Journal Archive (Newest First)

Entries in FDS (9)


B737 NG Display Unit Bezels By Fly Engravity 

I recently upgraded the display unit bezels (frames) on the Main Instrument Panel (MIP).  

LEFT:  The bezels that have replaced the acrylic bezels made by FDS. The landing gear, clock annunciators (korrys) and brake pressure gauge are OEM parts converted for flight simulator use - First Officer side (click to enlarge).

The previous bezels, manufactured by Flight Deck Solutions (FDS), lacked the detail I was wanting.  Increasingly, I found myself being fixated by glaringly incorrect hallmarks that did not conform to the original equipment manufacturer (OEM) – in particular, the use of incorrectly positioned attachment screws, the lack of a well-defined hinge mechanism, and the use of acrylic rather than aluminum.

Although it is not necessary to have replicated items that conform to a real part, it does add to the immersion level, especially if you are using predominately OEM parts.  The MIP in my case is pruelly a skeleton on which to 'hang' the various real aircraft parts that have been converted for flight simulator use. 

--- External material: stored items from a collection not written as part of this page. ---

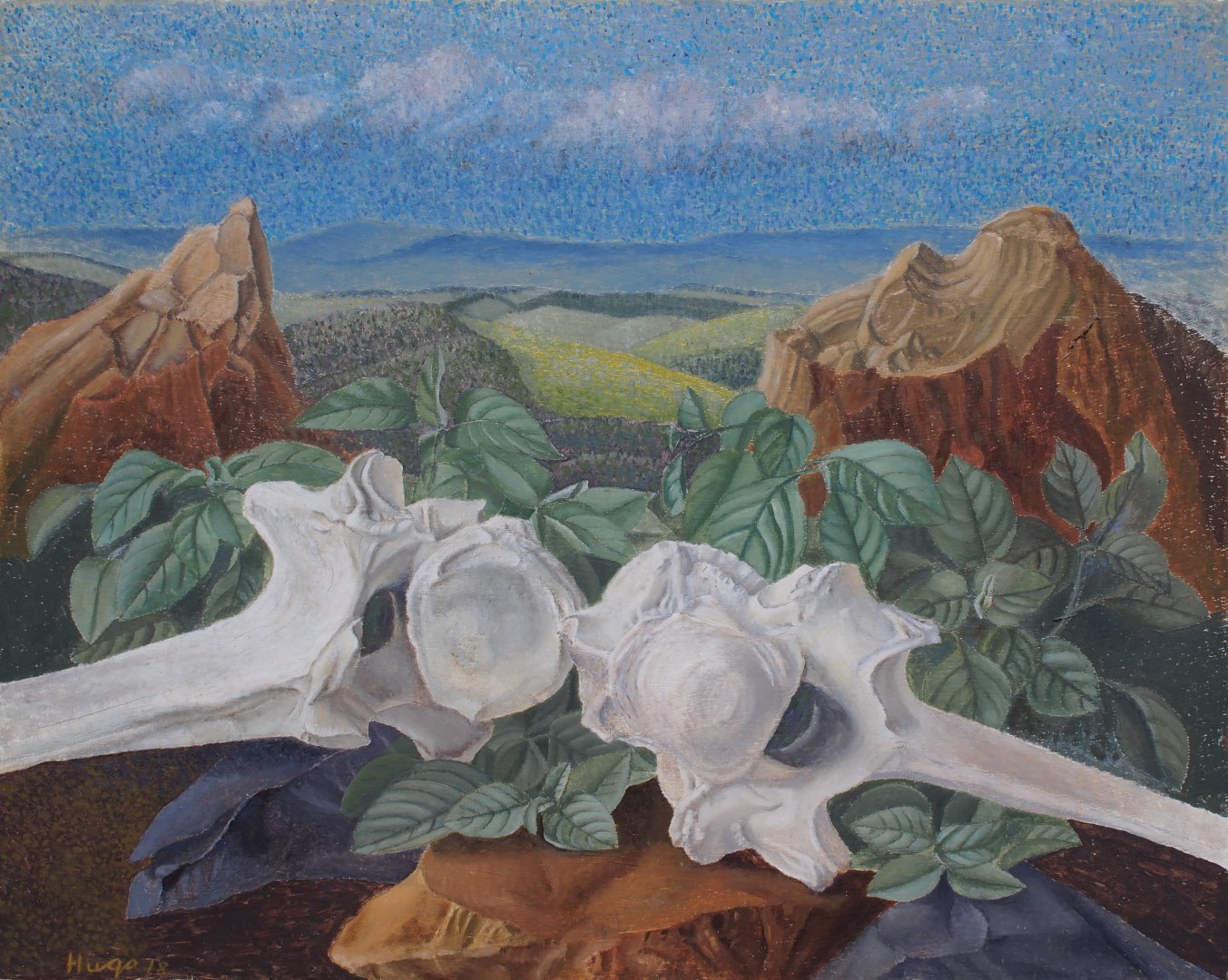 The forms of rocks, stones and bones also inspired him. He would go and collect interesting pieces of the red shale common to Natal. If he spotted bones next the road or in a nature reserve, he would stop to take them. Some of his oil paintings feature these objects.
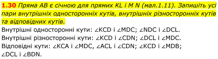 Пряма AB є січною для прямих KL і M N (мал.1.11). Запишіть усі пари внутрішніх односторонніх кутів, внутрішніх різносторонніх кутів та відповідних кутів. Внутрішні односторонні кути: ∠KCD і ∠MDC; ∠NDC і ∠DCL. Внутрішні різносторонні кути: ∠KCD і ∠CDN; ∠DCL і ∠MDC. Відповідні кути: ∠KCA і ∠MDC, ∠ACL і ∠CDN; ∠KCD і ∠MDB; ∠DCL і ∠BDN.
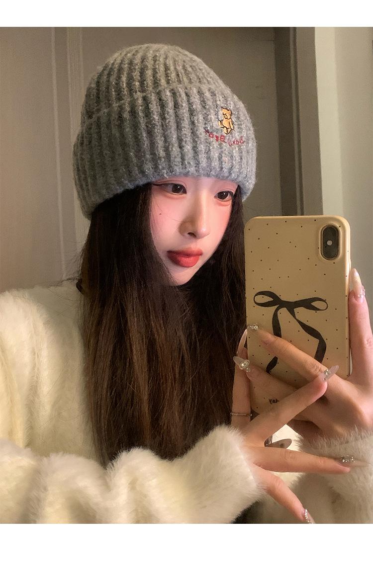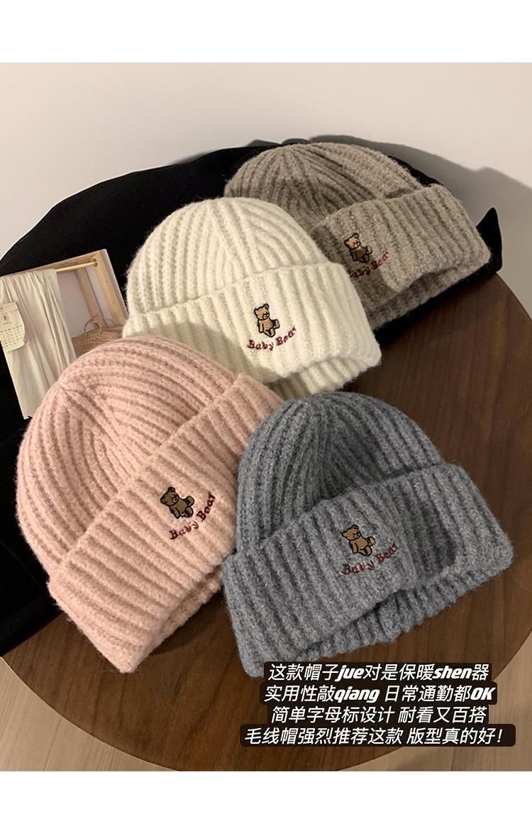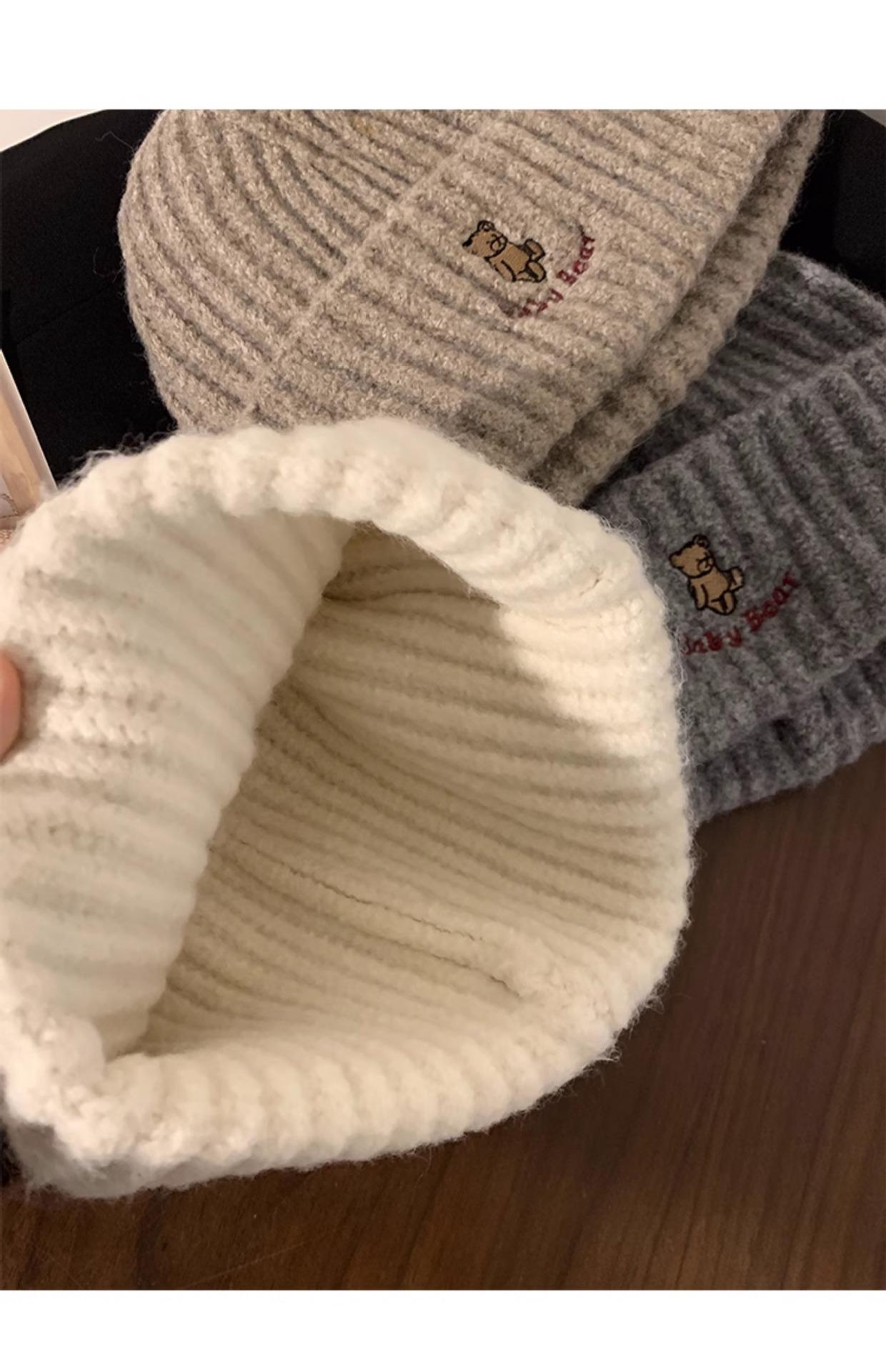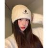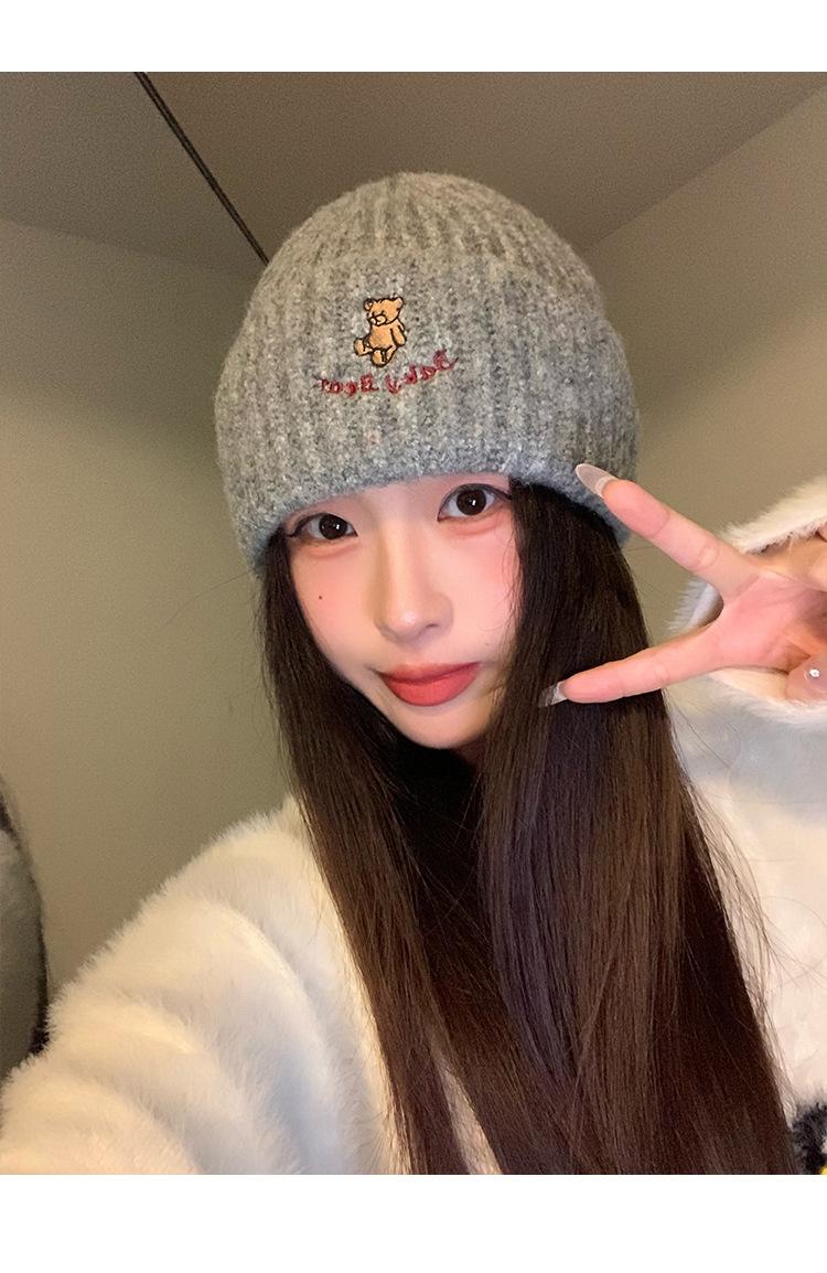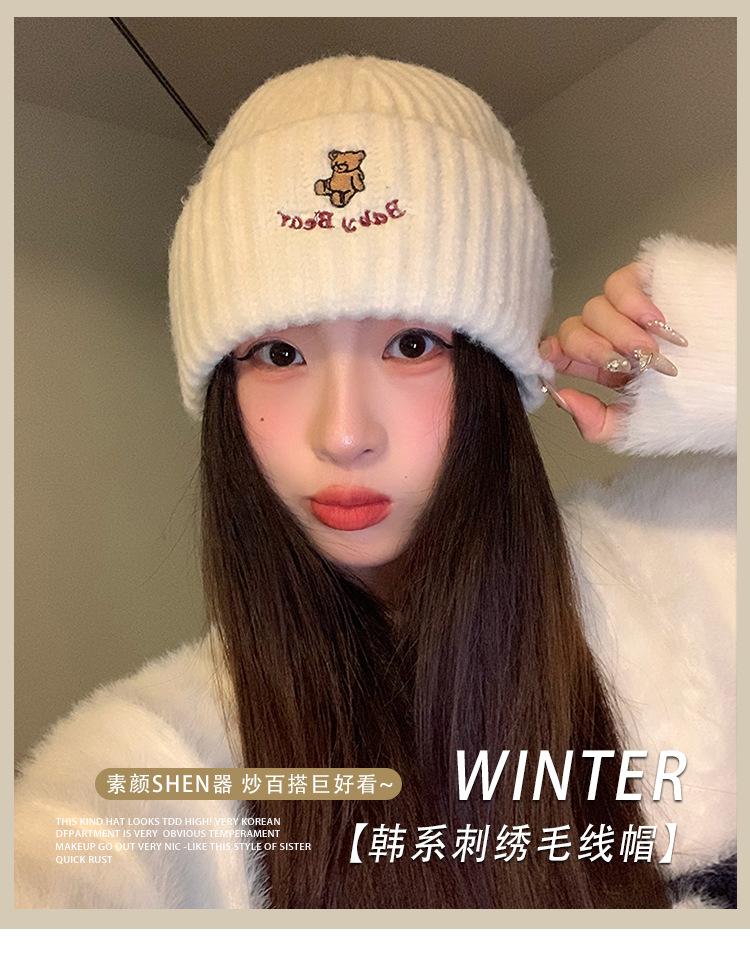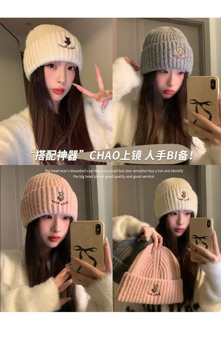 Gorro de lana pequeño con cara de oso para mujer, gorro coreano para el frío, cálido, de punto, con protección para las orejas, para otoño e invierno.

This is not a review, but more a reason to why sometimes there is a need to change from one product to another.

OEM Display Units

The OEM display units used in the Boeing Next Generation airframes comprise a large rectangular box that houses the necessary avionics and glass screen for the display.   

LEFT:  The OEM display is a solid unit that incorporates the avionics, display and bezel in the one unit.  This unit has the protective plastic attached to the screen.

The display unit is mounted by sliding the box into the MIP along two purpose-built sliding rails.  The unit is then locked into the MIP by closing the hinge lever and tightening the thumb screw on the lower right hand side of the bezel.  The hinge mechanism is unique to the OEM unit in that once the thumb screw is loosened; one side of the lower display adjacent to the hinge becomes a lever in which to pull the unit free of its locking points in the MIP.

The units are usually manufactured by Honeywell.

The display unit is one piece which incorporates the bezel as part of the assembly; therefore, it is not possible to obtain just the bezel – this is why a reproduction is necessary.

Reproduction Bezels

Reproduction bezels are manufactured by several companies – Open Cockpits, SimWorld, Fly Engravity and Flight Deck Solutions to name a few.  As with all replica parts, each company makes their products to differing levels of accuracy, detail and quality.

I looked at several companies and the closest to the  OEM item appeared to be the bezels manufactured by Fly Engravity and CP Flight (CP Flight are a reseller of Fly Gravity products).  

The main reasons for changing-out the FDS bezels were as follows:

  • FDS bezels have two Philips head screws in the upper left and right hand side of the bezel.  These are used to attach the bezel to the MIP.  The real bezel does not have these screws.
  • FDS bezels are made from acrylic.  The bezels in the real B737, although part of a larger unit, are made from aluminum.  Fly Engravity make their bezels from aluminum which are professionally painted with the correct Boeing grey.  
  • FDS have not replicated the hinge in the lower section of the bezel.  Rather, they have lightly engraved into the acrylic a facsimile of the hinge .   Fly Engravity fabricate a hinge mechanism, and although it does not function (there is absolutely no need for it to function) it replicates the appearance of the real hinge.
  • FDS use 1mm thick clear Perspex whereby the real aircraft uses smoke grey-tinted glass.  Fly Engravity bezels use 3 mm smoke grey-tinted Perspex.
  • The Perspex used by FDS is very thin and is attached to the inside of the bezel by double-side tape.  The thinness of the material means that when cleaning the display it is quite easy to push the material inwards which in turn breaks the sticky seal between the Perspex and the inside of the bezel.  Fly Engravity use thicker Perspex that is attached to the inside of the bezel by four screws.  It is very solid and will not come loose.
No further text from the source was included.